If you live with a woodland garden, or if you visit a woodland garden, you may appreciate that you are in the land of riches, biological riches. It’s becoming common knowledge that spending time in the woods is good for both our physical and mental health. Isn’t this because we soak up some of nature’s riches when we are there? Isn’t it curious, then, that though we know this, it is very difficult for us to see its inverse, the ultimate poverty of the lawn. After the smell of freshly-cut grass has passed, what riches remain for us to soak up from the lawn? Am I the first to ask that question? I don’t think so. And the soil and wildlife- what wealth does the lawn bestow upon them? It is surely meager, but somehow we can’t see that. It’s the illusion again — the illusion a culture conjures, that the lawn is the ultimate sign of human development and refinement in the landscape, and the more carpet-like the lawn, the greater the assumed refinement. That illusion is cloaking a great biological poverty. It’s the poverty that the dismantling of the woodland created. The riches were felled, piled and burned. They are gone — and bringing them back, is costly.

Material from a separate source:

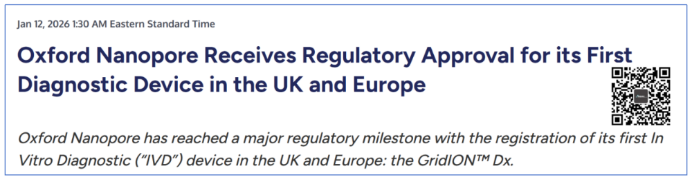 | 2026年1月12日,纳米孔测序仪公司Oxford Nanopore Technology(ONT)宣布:GridION Dx已获得CE和UKCA认证,成为该公司在英国和欧洲注册的首款IVD设备。这也是目前全球第一款获得CE+UKCA认证的IVD版纳米孔测序仪。事实上,如果只看CE认证,齐碳在2024年就拿到了QNome-3841和3841hex的CE认证了。很显然,副标题已经告诉了我们,这是GridION的Dx版本。GridION可以同时运行1-5张FC(Flow Cell),每张FC包含512条纳米通道。这显然不如PromethION的2675通道看起来强大啊。为啥不直接报PromethION呢?一个可能的原因是希望维持一个灵活性和容量的平衡,毕竟IVD产品的最大客户是医院。医院的样品来源是极其不稳定的,有可能是一天几个,也有可能是几十个。通过调配FC的数量,可以降低开机费用,这才是正解。你猜他为啥用纳米孔...不就是看中了速度快么...其实我们早就猜到了第一个机型可能是GridION,具体为什么往后看就知道了。是的,这次ONT推出IVD版纳米孔测序仪生物梅里埃就是受益人。“首个产品将与生物梅里埃(bioMérieux)合作推出,整合AmPORE-TB多重耐药结核病检测试剂盒,体现了这一战略布局。”事实上,这款AmPORE-TB多重耐药结核检测试剂盒已经以RUO(仅研究用)的形式推向市场一段时间了。以下信息均来自RUO版本试剂,IVD版可能有差异。AmPORE-TB由ONT开发,包含24个耐药相关基因的27个区域。对应16种药物的耐药,可以一次性在一张FC上完成22个样本+2个对照的检测,测序耗时约2小时。试剂盒采用locus-specific PCR(位点特异性PCR) 技术,配备96种Barcode。试剂盒检测的分析检出限(LoD)在使用两种推荐提取方法(手动与自动)时,以结核分枝杆菌变种牛型卡介苗(BCG)株加标痰液为样本,基于分子定量结果为 350 cfu/mL,基于菌落平板计数结果为 11.5 cfu/mL。大约在2025年1月份,来自中国成都的齐碳QNome-3841hex Dx拿到了中检院的检验报告。华大也不甘落后,在2025年7月左右华大序风CycloneSEQ-WT02(正式更名为“G100-E”)也拿到了中检院的检验报告。至此,中国第一个纳米孔测序跟中国第一个高通量纳米孔测序检验报告都集齐了。经常报IVD证的朋友们都知道,拿了中检院的报告就离下证不太远了(相对)。那就是臻熙贴牌ONT的Dgensee X5,这可是说要在2025年12月31日前拿到NMPA医疗器械注册证的先驱。只是,我好像没查到臻熙拿证的消息,麻烦各位大佬评论区指下路。不过,臻熙之所以要用Dgensee X5去报证,那ONT就是要报GridION的IVD。感染领域,用纳米孔测序是个非常好的切入口,相信越来越多的产品会加入战团。注1:https://www.businesswire.com/news/home/20260111466198/en/Oxford-Nanopore-Receives-Regulatory-Approval-for-its-First-Diagnostic-Device-in-the-UK-and-Europe注2:https://www.biomerieux.com/corp/en/our-offer/clinical-products/ampore-tb.html注3:https://a.storyblok.com/f/196663/x/01a3dbcbf5/ampore-tb_ruo_protocol_rev3.pdf注4:https://www.stoptb.org/sites/default/files/imported/document/information_sheet_ampore_tb_oxford.pdf

Those of us encumbered by expansive lawns inhabit impoverished land. Without more native plants, this land that we are asked to steward will be the impoverished step-mother of the next generation. It needs enriching, but where will this wealth come from? I am coming up short, even with the benefits of being a trained horticulturist with access to plants and other supplements that most do not. How about those without these benefits? Where will the enrichment come from, but from nature? We must learn to recognize and welcome nature’s provisions. We have to let nature happen. Yes, it will cost us some lawn, cherished beliefs, and refined possessions. It will cost us some control, and it will cost us some of our worldly wealth. For this land to be enriched there must be greater reciprocity between us and the land. It may seem, in the short term that we have lost something; in the long term, though, nature’s provisions will better us. As we allow the wild to move closer to our doors, we will come to know nature and we will recognize that this land is our homeland.